> **Task details**
Look for the line containing "Gestión pública. Vivienda" and the line containing "Место (площадка) накопления ТКО" in the entries below. Copy those two and all lines between them exactly, leaving out pictures.

> **Collected data**
* * *
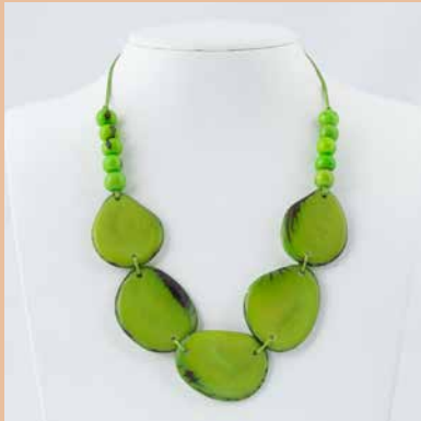
41242 Kette Tagua Dona, lemon
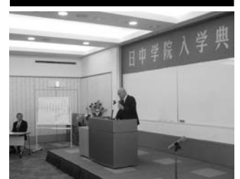
4月5日(金) 本科・日本語科合同入学式
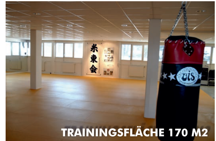
TRAININGSFLÄCHE 170 M2
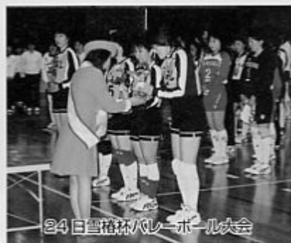
24日雪栴杯バレーボール大会
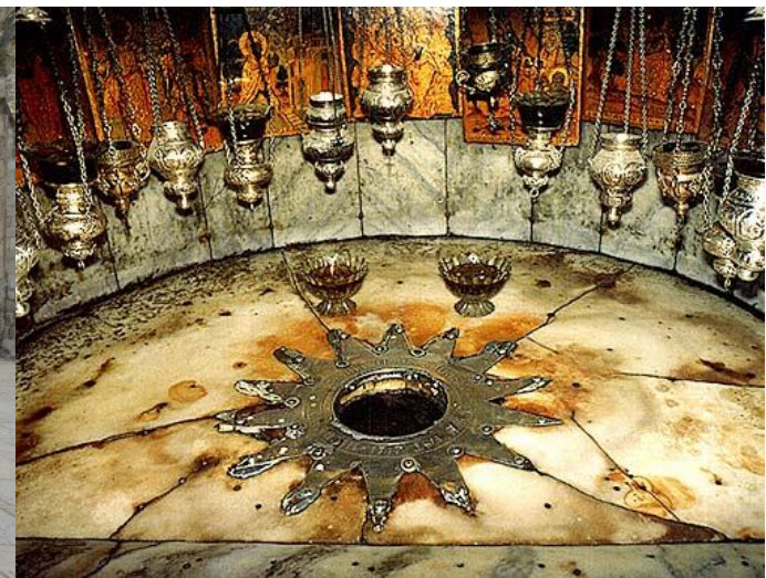
耶穌的誕生地：伯利恆
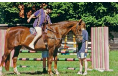
Reiten als Therapiemaßnahme
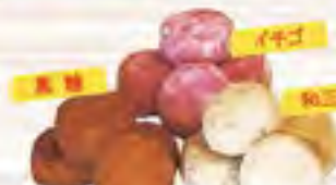
ウーじ畑のこだわりサブレ
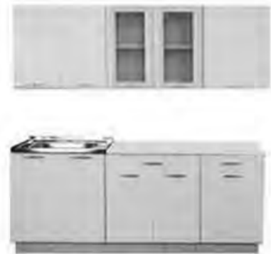
1,6 м - 8 980 р.
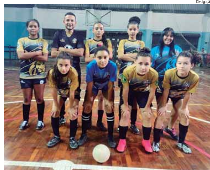
Elenco feminino do Vila Nova faz sua estreia no torneio de futsal dos Jogos Comunitários

Por fim, na Pádua Dias, as obras acontecem no trecho entre a rua Bela Vista até o acesso à avenida Alberto Vollet Sachs. Por isso, a faixa da esquerda, no sentido Piracicaba-Americana, bem como no sentido Americana-Piracicaba, estão interditadas para o desenvolvimento dos serviços de drenagem e pavimentação de concreto. Todos os serviços integram o pacote de revitalização da malha asfáltica, que vai beneficiar 258 km de vias do município com pavimento em concreto e asfalto.
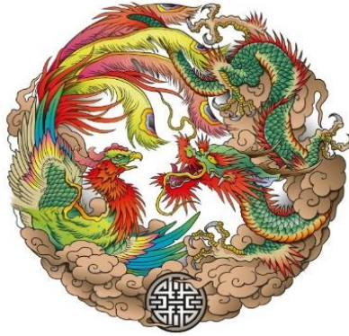
شكل (5) صورة العنقاء
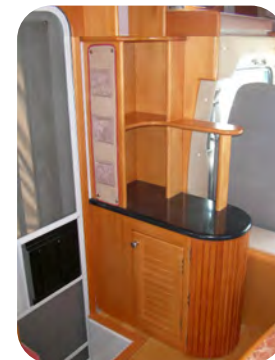
バンクベトルダーを兼ねたシューズボックス&TV台
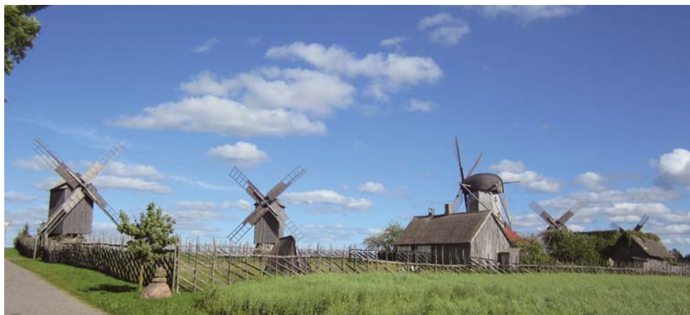
■ Die 5 Windmühlen von Angla sind die letzte erhaltene Windmühlengruppe auf Saaremaa. / 5 wiatraków in Angla, ostatnia zachowana grupa wiatraków na wyspie Saaremaa.
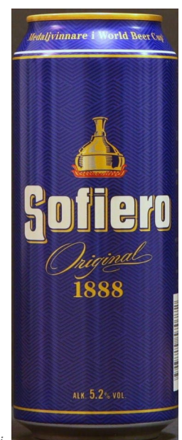
På trods af navnet er den overhovedet ikke alkoholfri

P.S. Husk varmt tøj, fornuftigt fodtøj - og for en sikkerheds skyld også pas og paraply.
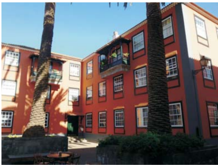
Gestión pública. Vivienda de estilo canario con balcones (calle Viana).

Como revelan las fotos a continuación, uno de los daños irreversibles causados por la gestión privada del centro histórico afecta a la construcción de nuevos edificios que no respetan ni el estilo ni la tipología de la casa lagunera, a diferencia de los edificios nuevos construidos con una gestión pública del centro.
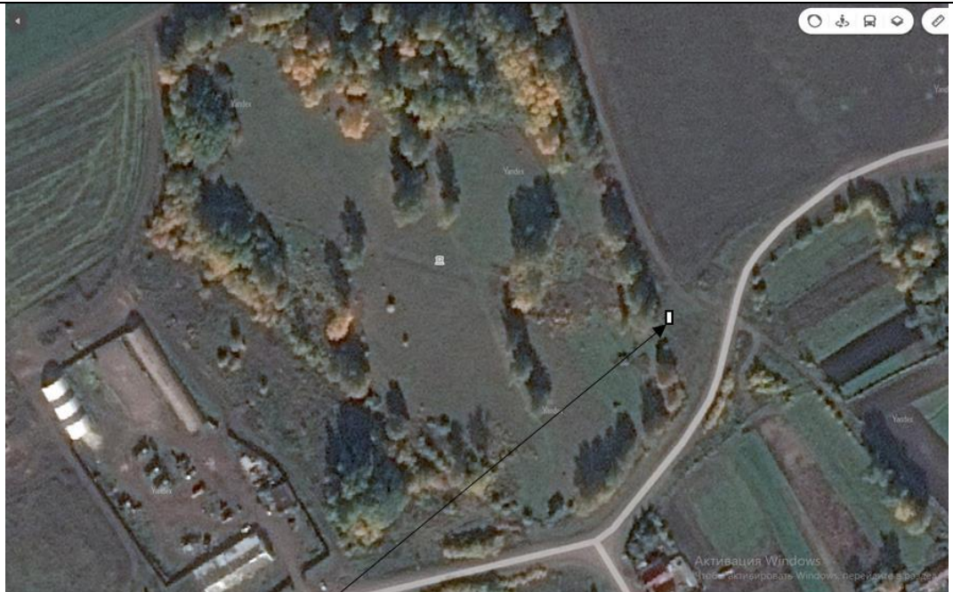
Место (площадка) накопления ТКО

5 Д. Ахмаметьев о, ул. Луговая, кадастровый номер квартала 16:14:06030 1
* * *
> **Task result**
Gestión pública. Vivienda de estilo canario con balcones (calle Viana).

Como revelan las fotos a continuación, uno de los daños irreversibles causados por la gestión privada del centro histórico afecta a la construcción de nuevos edificios que no respetan ni el estilo ni la tipología de la casa lagunera, a diferencia de los edificios nuevos construidos con una gestión pública del centro.
Место (площадка) накопления ТКО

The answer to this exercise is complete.